La hausse des exportations (+297 millions d’euros, soit +6 % en valeur) a été supérieure à celle des importations (+221 millions, soit +5 %), selon l’organisme de la statistique du ministère de l’Agriculture, Agreste.

Le solde des produits agricoles bruts affiche même un excédent pour la première fois depuis avril 2019 à 79 millions d’euros, mais il reste en recul de 19 millions d’euros par rapport à juillet 2018 « sous l’effet de la hausse des importations, notamment de légumes », souligne Agreste.

Ils ont la santé les produits laitiers

Avec 657 millions d’euros, l’excédent commercial en produits transformés augmente de 95 millions sur un an grâce à la hausse des exportations et plus particulièrement des ventes de vins mais aussi de produits laitiers.

Avec les pays tiers, l’excédent s’établit à 858 millions d’euros, en hausse de 170 millions par rapport à juillet 2018, parallèlement à des exportations qui ont progressé de 234 millions sur un an (+12 %). Cette augmentation concerne pour plus des deux tiers les produits transformés (+157 millions) en lien avec la hausse des ventes de vins et spiritueux (+76 millions) principalement vers les États-Unis.

Retrait du commerce européen

Avec l’Union européenne, par contre, le solde des échanges est déficitaire, à –122 millions d’euros par rapport au mois précédent, et à –94 millions sur un an.
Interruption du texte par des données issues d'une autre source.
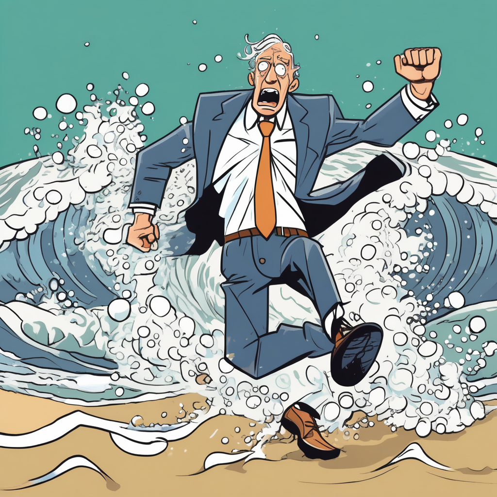 "The surfer waited patiently for the perfect tide, but ended up waiting so long he fell asleep on his board."
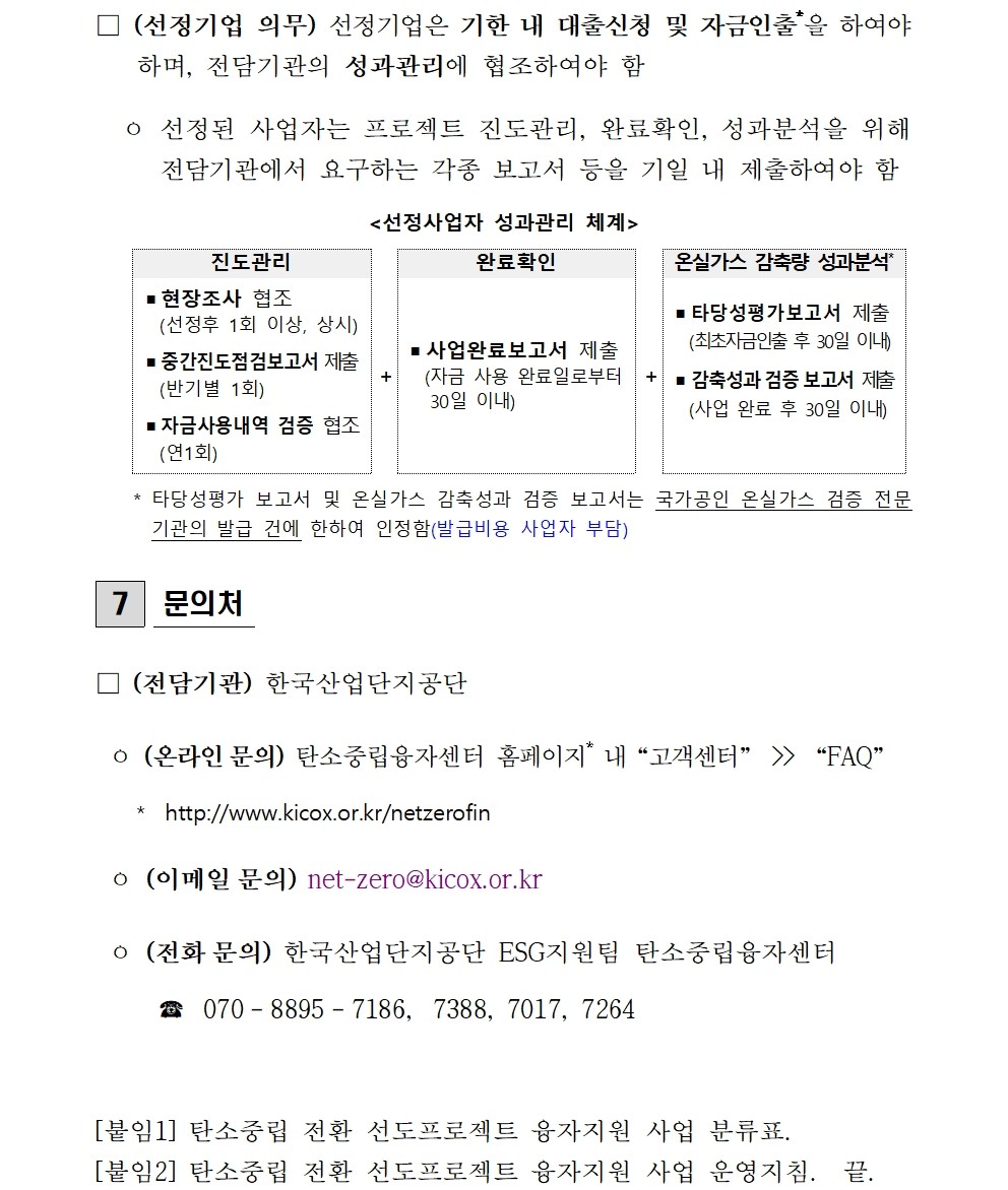 한국산업단지공단 ESG지원팀 탄소중립융자센터 (070-8895-7186, 7388, 7017, 7264 / net-zero@kicox.or.kr)

Il pâtit en premier lieu de la hausse des achats d’un grand nombre de produits transformés notamment les viandes et le tabac, accentuée par l’augmentation des importations de légumes comme les pastèques et les tomates.

Ainsi, la croissance des importations depuis les pays de l’UE atteint 157 millions d’euros (+5 % sur un an) et ne peut être compensée par celle des exportations (+63 millions, soit +2 % sur un an) qui ne concerne que les produits transformés, principalement les vins et spiritueux.